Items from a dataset

··········

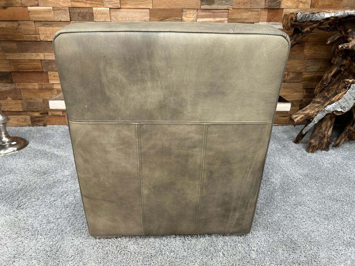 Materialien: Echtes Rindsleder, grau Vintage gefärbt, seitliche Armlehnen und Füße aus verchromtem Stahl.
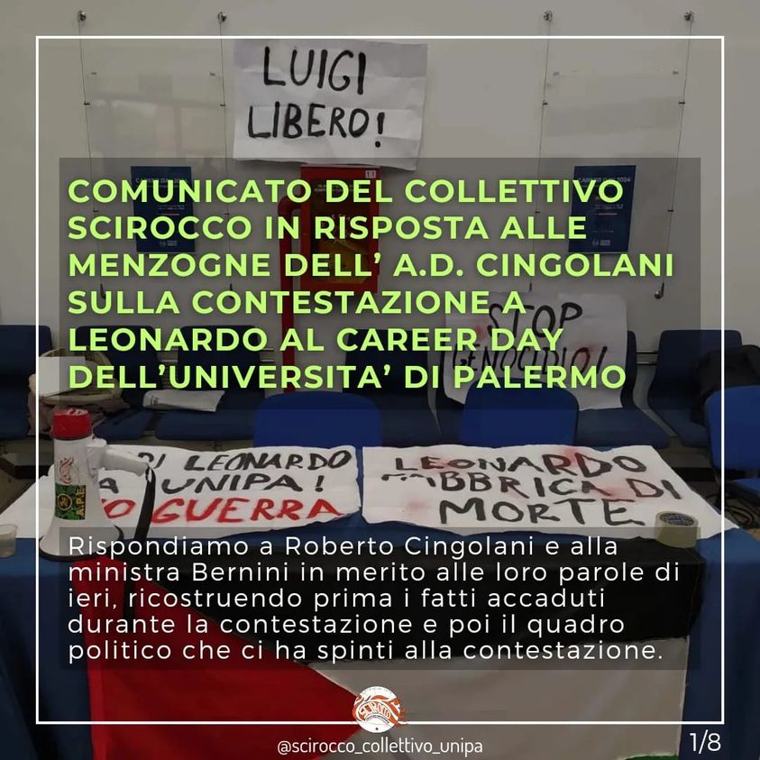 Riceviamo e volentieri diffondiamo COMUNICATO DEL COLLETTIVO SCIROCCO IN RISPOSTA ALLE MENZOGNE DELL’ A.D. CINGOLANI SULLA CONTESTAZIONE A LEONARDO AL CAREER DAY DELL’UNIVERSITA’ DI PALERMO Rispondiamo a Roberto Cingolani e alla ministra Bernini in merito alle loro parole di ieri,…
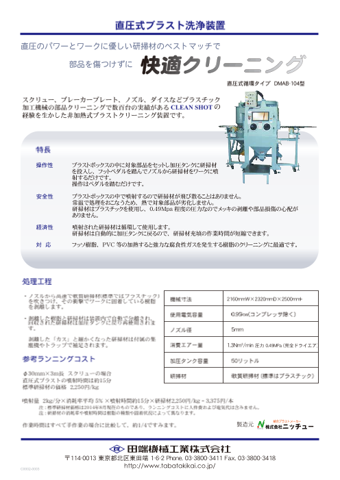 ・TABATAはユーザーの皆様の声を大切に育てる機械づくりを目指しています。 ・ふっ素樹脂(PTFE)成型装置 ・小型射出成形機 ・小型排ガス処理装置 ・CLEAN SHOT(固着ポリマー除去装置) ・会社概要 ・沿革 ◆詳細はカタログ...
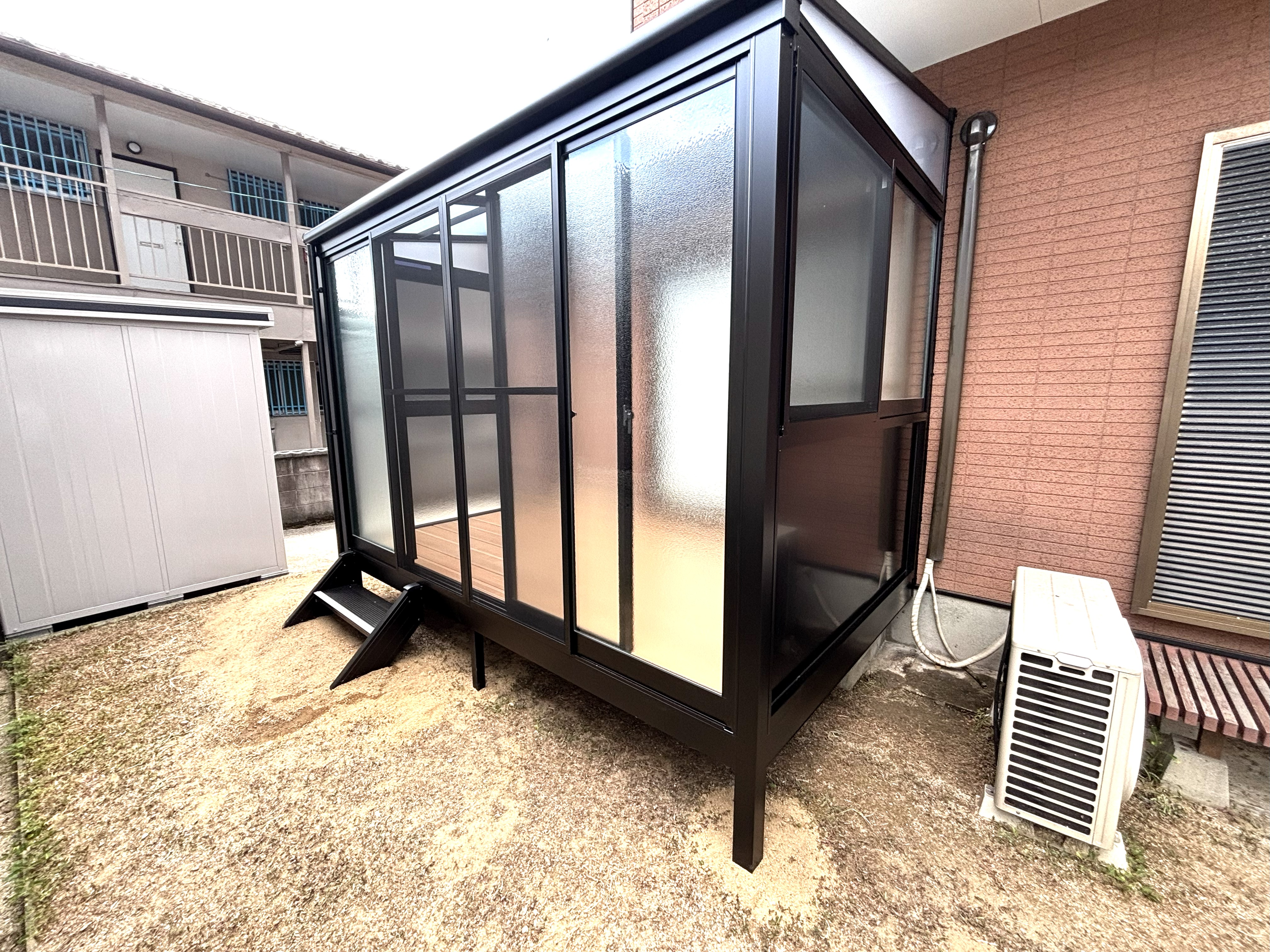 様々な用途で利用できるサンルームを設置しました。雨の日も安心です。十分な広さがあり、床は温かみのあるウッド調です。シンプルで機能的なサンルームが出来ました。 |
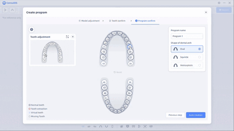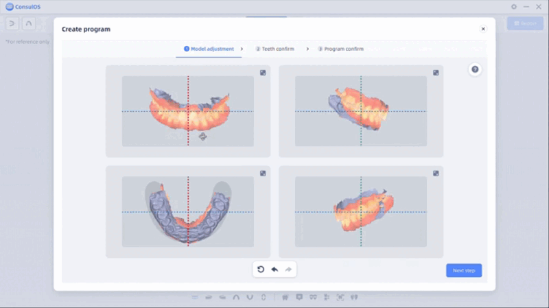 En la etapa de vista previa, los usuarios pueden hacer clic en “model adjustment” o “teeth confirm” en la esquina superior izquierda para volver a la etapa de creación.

··········

**Directions**
Without the images, print all of the lines above exactly.

**Task solution**
 Materialien: Echtes Rindsleder, grau Vintage gefärbt, seitliche Armlehnen und Füße aus verchromtem Stahl.
 Riceviamo e volentieri diffondiamo COMUNICATO DEL COLLETTIVO SCIROCCO IN RISPOSTA ALLE MENZOGNE DELL’ A.D. CINGOLANI SULLA CONTESTAZIONE A LEONARDO AL CAREER DAY DELL’UNIVERSITA’ DI PALERMO Rispondiamo a Roberto Cingolani e alla ministra Bernini in merito alle loro parole di ieri,…
 ・TABATAはユーザーの皆様の声を大切に育てる機械づくりを目指しています。 ・ふっ素樹脂(PTFE)成型装置 ・小型射出成形機 ・小型排ガス処理装置 ・CLEAN SHOT(固着ポリマー除去装置) ・会社概要 ・沿革 ◆詳細はカタログ...
 様々な用途で利用できるサンルームを設置しました。雨の日も安心です。十分な広さがあり、床は温かみのあるウッド調です。シンプルで機能的なサンルームが出来ました。 |
 En la etapa de vista previa, los usuarios pueden hacer clic en “model adjustment” o “teeth confirm” en la esquina superior izquierda para volver a la etapa de creación.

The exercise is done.